##### Extracted records

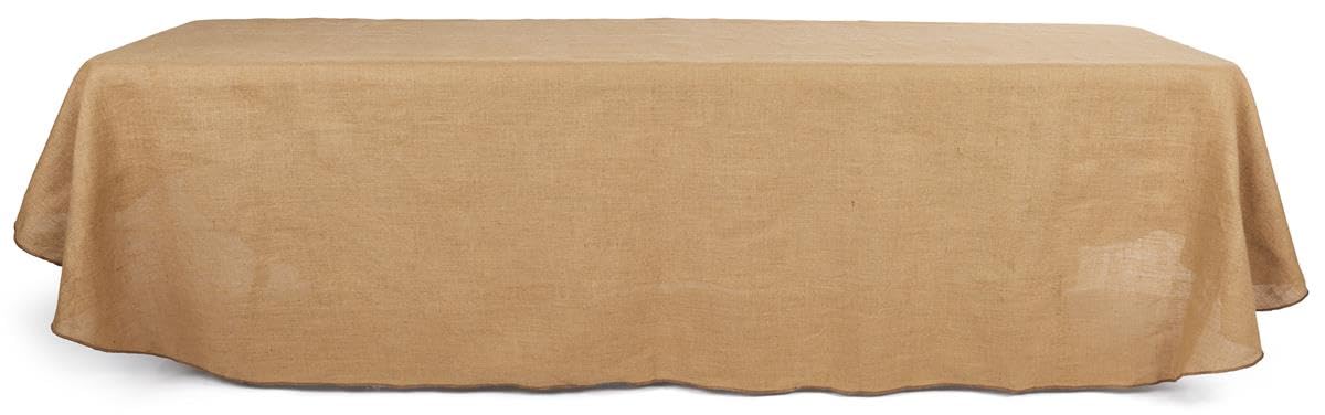 Displays2go Burlap Table Cloth Features Full-Length Design with Rustic Jute Fabric (BTC8FT)
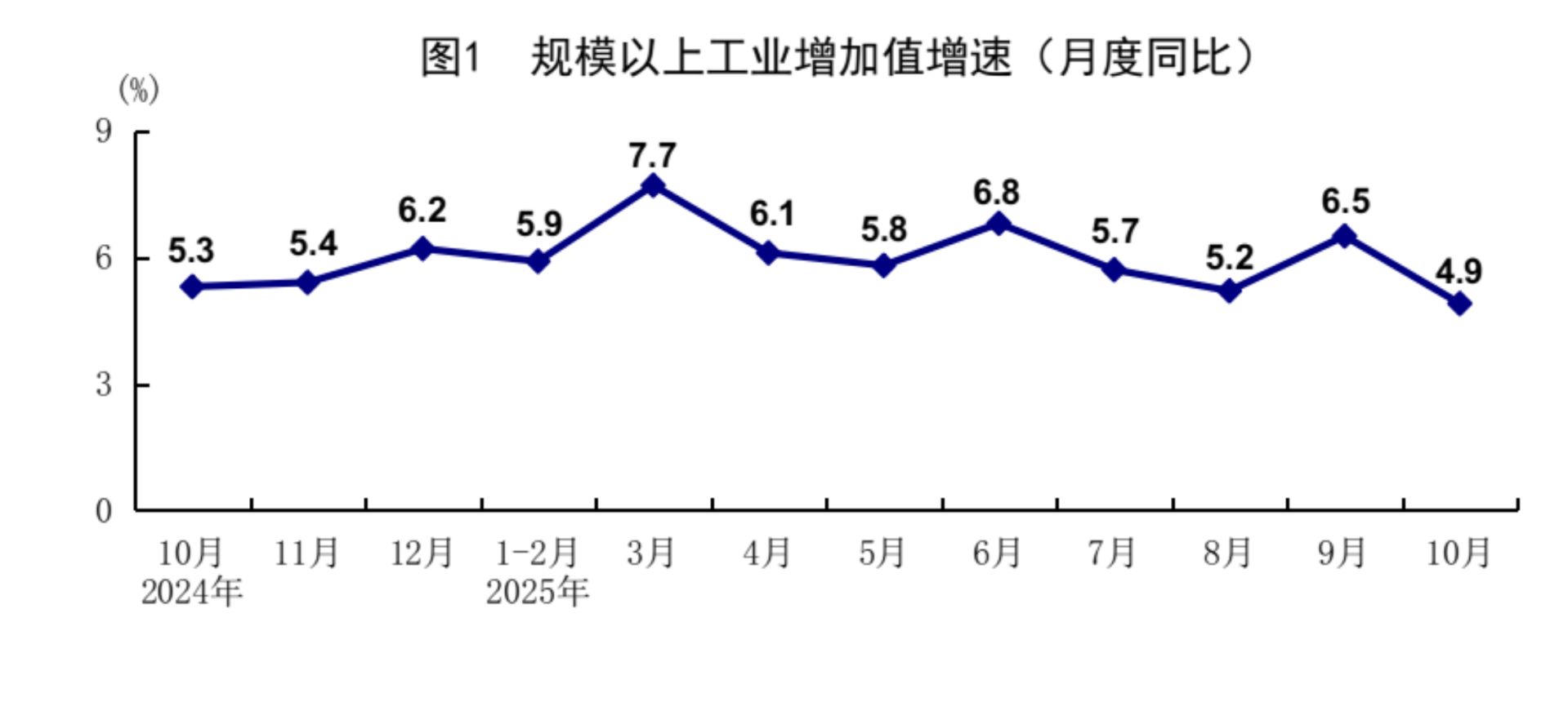 10月份规模以上工业增加值同比增长4.9% 图片来源:国家统计局
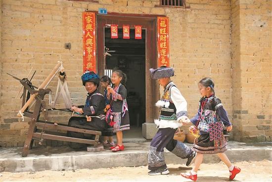 走进连山壮族瑶族自治县福堂镇太平村委会金龟村,近年打造的乡村文化空间——壮瑶传统风貌园一下子就惊艳了游客。在风貌园的锦绣非遗馆里,游客可以欣赏到上百件明清时期的珍贵壮锦藏品;在非遗工坊和研学基地里,游客可以参与研学,沉浸式体验壮锦的编织与文创;在染料种植科普园里,游客还可以与自然亲密接触,增长见识……
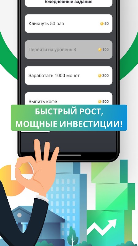 🔹 간단한 메커니즘 - 화면을 탭하여 자본을 늘리세요.
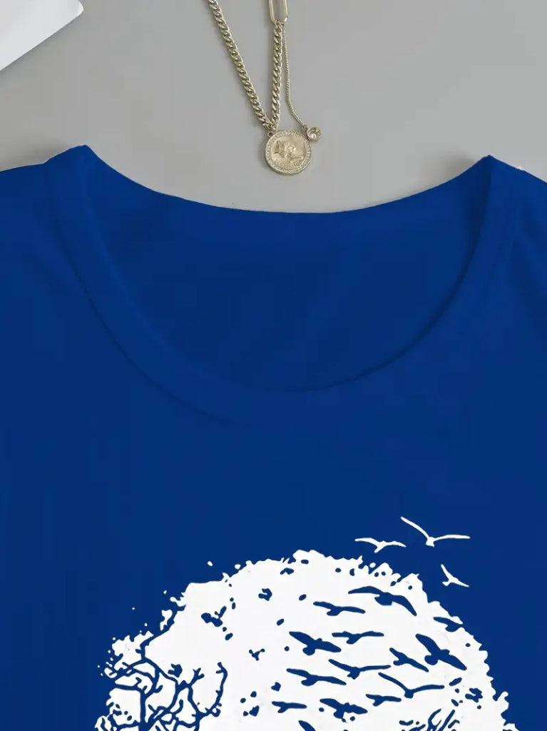 Kadın Uzun Kollu Bisiklet Yaka Ayçiçeği Desenli Viskon Bluz
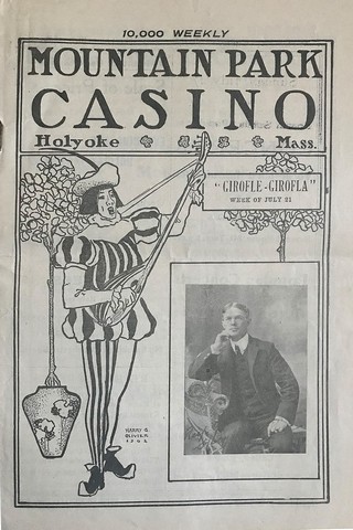 A playbill for a performance of French libretto Giroflé-Girofla at the Mountain Park Casino, July 21, 1902 In 1888, William Loomis, one of the Company's directors, took ownership of the Holyoke Street Railway Company. In the following years, he purchased 365 acres (1.5 km2) of 'cow pastures with scenery' on the side of Mount Tom. In 1894, Loomis constructed an open-air stage there, which attracted many patrons. The next year the trolley line was extended up to that point. In 1897, Loomis applied for and was granted a charter with the state for building a 'pleasure resort.' A dance hall, open air restaurant, switchback railway and merry-go-round were constructed. A unique cable railway was created to take visitors to a new building at the summit of the mountain. It was from this building President William McKinley stated that the view from Mount Tom was the most beautiful in the world. A new enclosed theater was built, The Casino, with seating for 2,500 people. It mainly presented light opera. Loomis continued expanding the resort with his assistant, Louis Pellissier. One of the biggest attractions for the city folk was the collection of picnic groves and beautiful gardens. There were reflecting pools, arbors and even a small zoo featuring bear and deer cages.
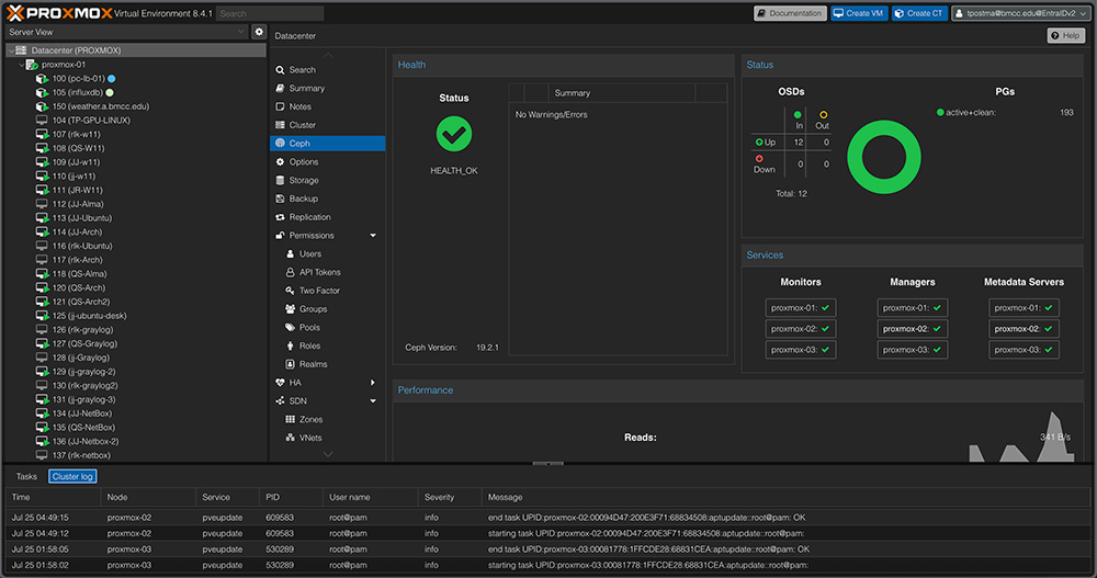 The screenshot demonstrates the lab environment that BMCC provides students with access to perform their lab work in relevant courses. We run several hypervisor servers on premises that students can use to complete their lab work. This setup provides equitable access for students; it does not matter what equipment they personally have. As long as they have a reasonably stable internet connection, they can perform their work from anywhere.
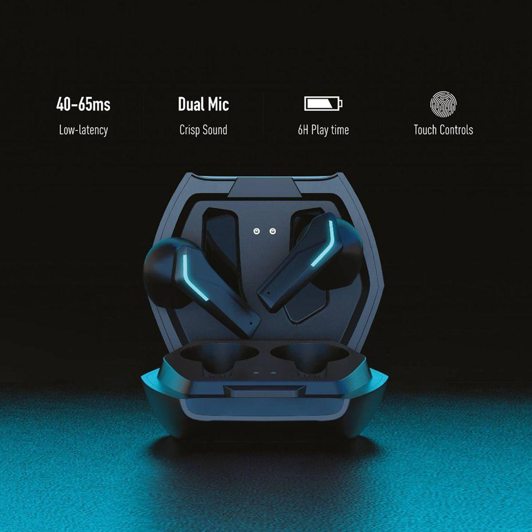 Porodo Gaming True-Wireless Earbuds comes with six hours of playtime. These earbuds are waterproof with dual mic crisp sound. It has touch control which means after you touch the right earbud the mode will switch between game mode and music mode. The charging case battery is 300mAh. The low latency rate for these earbuds is 40-65ms which proves that the audio inputs remain synced throughout your gaming sessions. You can listen to the music by high clear sound quality or change the mode to gaming and enjoy your game more than before, it’s up to you, choose any enjoy.
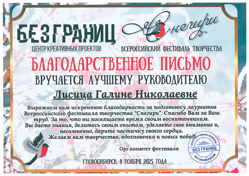 Лисица Г.Н. – Благодарственное письмо за подготовку лауреатов Всероссийского фестиваля творчества «Снегири».
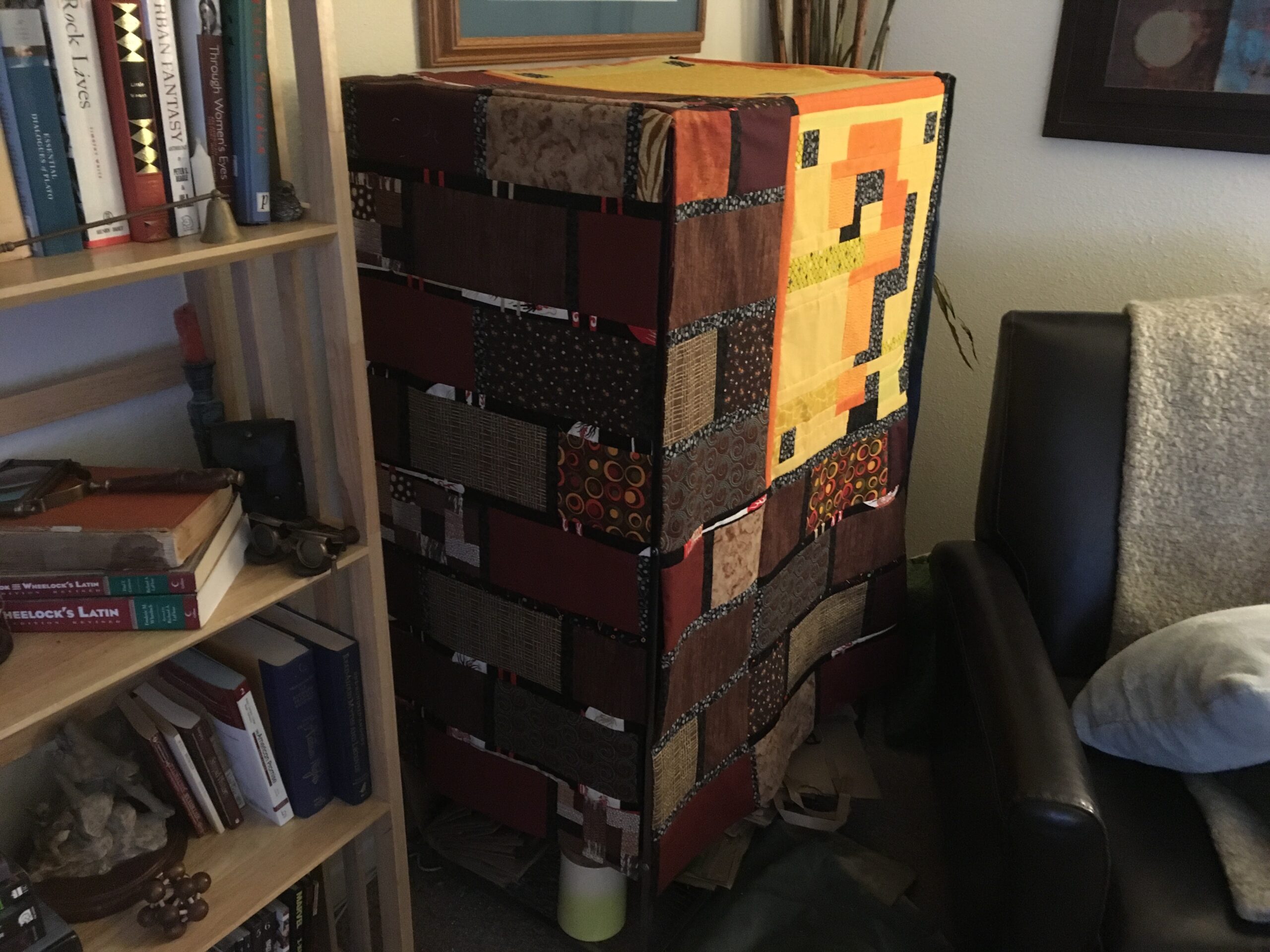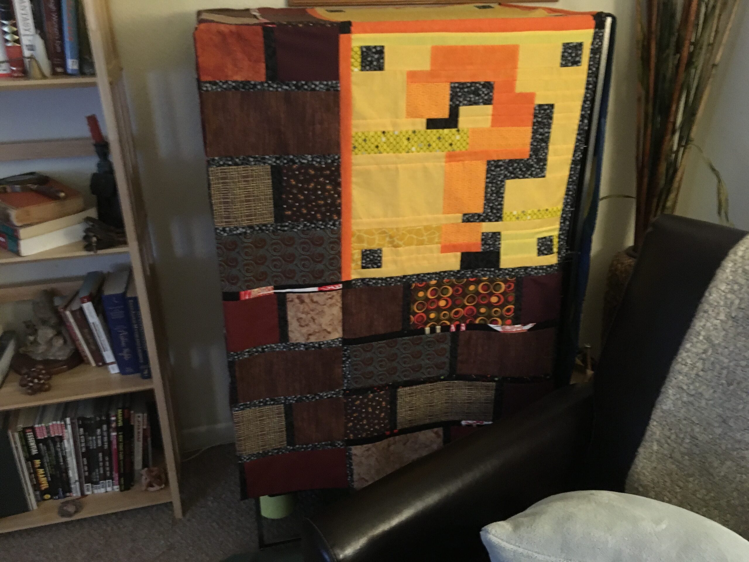 Detour through old pictures. Up until CJ’s t-shirts, it had been a long time since I quilted anything. A 550 sq ft apartment is not conducive to both sewing and painting; not the way I do it. Now that I have dedicated maker space, it probably shouldn’t be surprising that the needles are back. The pattern has been recurring since 1989.

##########

## [Exercise goal]
Exactly the lines from the top of the entries through the line with "Kadın Uzun Kollu", inclusive, must be given again, with every picture omitted.

## [Exercise result]
 Displays2go Burlap Table Cloth Features Full-Length Design with Rustic Jute Fabric (BTC8FT)
 10月份规模以上工业增加值同比增长4.9% 图片来源:国家统计局
 走进连山壮族瑶族自治县福堂镇太平村委会金龟村,近年打造的乡村文化空间——壮瑶传统风貌园一下子就惊艳了游客。在风貌园的锦绣非遗馆里,游客可以欣赏到上百件明清时期的珍贵壮锦藏品;在非遗工坊和研学基地里,游客可以参与研学,沉浸式体验壮锦的编织与文创;在染料种植科普园里,游客还可以与自然亲密接触,增长见识……
 🔹 간단한 메커니즘 - 화면을 탭하여 자본을 늘리세요.
 Kadın Uzun Kollu Bisiklet Yaka Ayçiçeği Desenli Viskon Bluz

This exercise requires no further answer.